> [Records provided]:
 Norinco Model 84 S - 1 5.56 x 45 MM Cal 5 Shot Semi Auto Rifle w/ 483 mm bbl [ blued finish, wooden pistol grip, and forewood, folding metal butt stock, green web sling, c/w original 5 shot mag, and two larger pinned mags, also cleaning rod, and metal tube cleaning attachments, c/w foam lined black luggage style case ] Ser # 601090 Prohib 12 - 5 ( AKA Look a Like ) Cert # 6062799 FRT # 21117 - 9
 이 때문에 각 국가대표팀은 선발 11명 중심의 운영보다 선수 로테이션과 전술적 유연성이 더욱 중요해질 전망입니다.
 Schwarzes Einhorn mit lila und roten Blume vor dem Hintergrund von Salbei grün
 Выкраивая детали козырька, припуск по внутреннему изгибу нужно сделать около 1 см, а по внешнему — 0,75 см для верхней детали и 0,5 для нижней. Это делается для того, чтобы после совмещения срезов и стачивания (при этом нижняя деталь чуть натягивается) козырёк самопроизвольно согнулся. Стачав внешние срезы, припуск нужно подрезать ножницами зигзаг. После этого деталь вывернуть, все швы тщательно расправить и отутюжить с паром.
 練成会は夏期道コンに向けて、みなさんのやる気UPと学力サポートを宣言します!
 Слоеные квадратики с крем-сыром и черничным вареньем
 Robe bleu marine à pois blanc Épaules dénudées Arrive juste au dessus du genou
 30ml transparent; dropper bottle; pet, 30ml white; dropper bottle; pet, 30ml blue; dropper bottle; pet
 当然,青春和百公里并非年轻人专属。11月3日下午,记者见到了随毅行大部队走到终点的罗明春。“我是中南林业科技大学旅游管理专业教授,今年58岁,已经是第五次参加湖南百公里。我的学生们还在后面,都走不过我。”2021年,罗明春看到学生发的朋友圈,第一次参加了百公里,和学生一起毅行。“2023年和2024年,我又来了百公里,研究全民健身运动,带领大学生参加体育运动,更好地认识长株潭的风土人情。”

> [Directions for this task]: The lines to retype, exactly and only, run from the first line of the material through the line with "Schwarzes Einhorn mit".

> [Solution for this exercise]:
 Norinco Model 84 S - 1 5.56 x 45 MM Cal 5 Shot Semi Auto Rifle w/ 483 mm bbl [ blued finish, wooden pistol grip, and forewood, folding metal butt stock, green web sling, c/w original 5 shot mag, and two larger pinned mags, also cleaning rod, and metal tube cleaning attachments, c/w foam lined black luggage style case ] Ser # 601090 Prohib 12 - 5 ( AKA Look a Like ) Cert # 6062799 FRT # 21117 - 9
 이 때문에 각 국가대표팀은 선발 11명 중심의 운영보다 선수 로테이션과 전술적 유연성이 더욱 중요해질 전망입니다.
 Schwarzes Einhorn mit lila und roten Blume vor dem Hintergrund von Salbei grün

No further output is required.